• [Work instruction] Reprint all of the data below exactly as shown and skip every image.

• [Data excerpt]
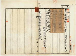 三四 第三四号 斗六庁大怒榔東頂堡新街庄ヲ牛疫流行地ト認メ牛羊属ノ出入及病毒伝播ノ虞アル物品ノ搬出停止中ノ処其処置ヲ解除シタル旨同庁ヨリ通知ノ件
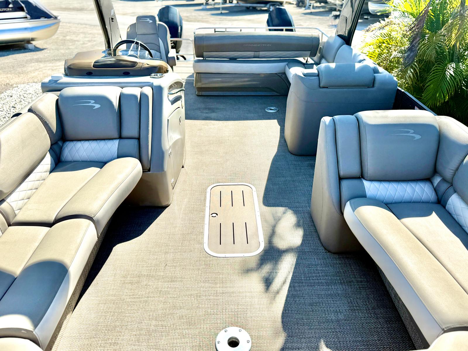 The versatility of the Bennington 28 RSB makes it the perfect choice for a variety of on-water activities. For families, it’s an ideal platform for swimming, picnicking, and exploring new destinations together. The spacious deck and comfortable seating make it easy to host gatherings, celebrate special occasions, or simply enjoy quality time with loved ones.Fishing enthusiasts will appreciate the stability and space offered by this pontoon boat, providing a comfortable and functional base for casting lines and reeling in the day’s catch. For those seeking a touch of luxury, the Bennington 28 RSB transforms any outing into a high-end experience, complete with stylish surroundings and powerful performance. Whether you’re seeking adventure, relaxation, or a bit of both, this pontoon boat for sale is ready to deliver.
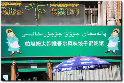 이곳은 어딜가나 간판에 중국어와 이슬람어가 함께 쓰여져 있다.

• [Solution to this exercise]
 三四 第三四号 斗六庁大怒榔東頂堡新街庄ヲ牛疫流行地ト認メ牛羊属ノ出入及病毒伝播ノ虞アル物品ノ搬出停止中ノ処其処置ヲ解除シタル旨同庁ヨリ通知ノ件
 The versatility of the Bennington 28 RSB makes it the perfect choice for a variety of on-water activities. For families, it’s an ideal platform for swimming, picnicking, and exploring new destinations together. The spacious deck and comfortable seating make it easy to host gatherings, celebrate special occasions, or simply enjoy quality time with loved ones.Fishing enthusiasts will appreciate the stability and space offered by this pontoon boat, providing a comfortable and functional base for casting lines and reeling in the day’s catch. For those seeking a touch of luxury, the Bennington 28 RSB transforms any outing into a high-end experience, complete with stylish surroundings and powerful performance. Whether you’re seeking adventure, relaxation, or a bit of both, this pontoon boat for sale is ready to deliver.
 이곳은 어딜가나 간판에 중국어와 이슬람어가 함께 쓰여져 있다.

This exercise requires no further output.